Work item:
Would you please transcribe, exactly as written, the lines of the entries below starting at the one that holds "Bayfront Heart Center's" and ending at the one that holds "Moving forward to", both included?

Listed records:
· · · · ·

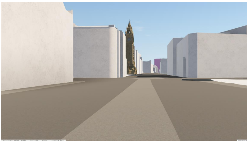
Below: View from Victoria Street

· · · · ·

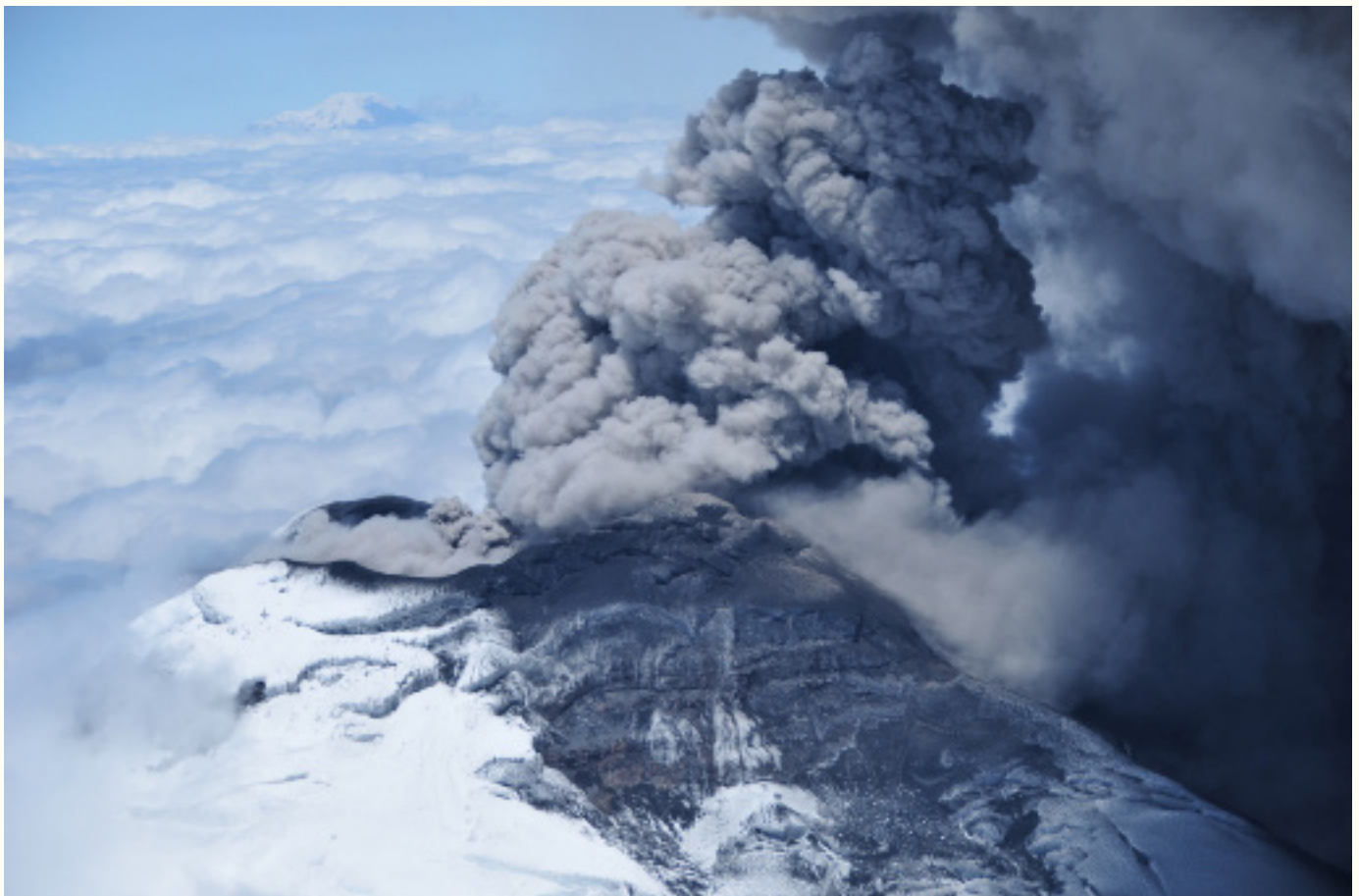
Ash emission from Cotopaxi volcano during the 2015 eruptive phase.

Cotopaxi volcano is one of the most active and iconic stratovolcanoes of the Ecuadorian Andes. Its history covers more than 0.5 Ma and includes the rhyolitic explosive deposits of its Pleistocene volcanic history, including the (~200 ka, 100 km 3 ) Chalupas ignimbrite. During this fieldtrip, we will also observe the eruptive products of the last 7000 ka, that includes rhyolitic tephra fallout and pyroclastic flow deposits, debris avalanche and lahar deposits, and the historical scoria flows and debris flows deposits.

· · · · ·

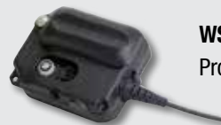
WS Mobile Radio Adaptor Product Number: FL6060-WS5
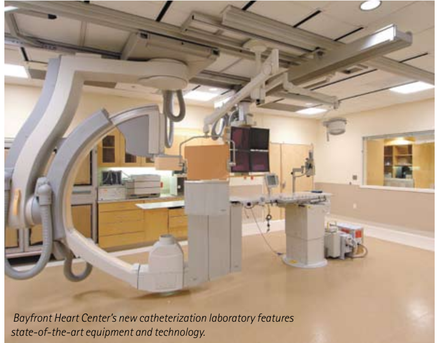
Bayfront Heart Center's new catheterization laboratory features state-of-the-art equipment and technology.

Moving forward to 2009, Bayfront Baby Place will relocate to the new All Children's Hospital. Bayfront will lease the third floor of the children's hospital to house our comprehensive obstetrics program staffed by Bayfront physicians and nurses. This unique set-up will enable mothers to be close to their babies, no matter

· · · · ·

Answer to this exercise:
Bayfront Heart Center's new catheterization laboratory features state-of-the-art equipment and technology.

Moving forward to 2009, Bayfront Baby Place will relocate to the new All Children's Hospital. Bayfront will lease the third floor of the children's hospital to house our comprehensive obstetrics program staffed by Bayfront physicians and nurses. This unique set-up will enable mothers to be close to their babies, no matter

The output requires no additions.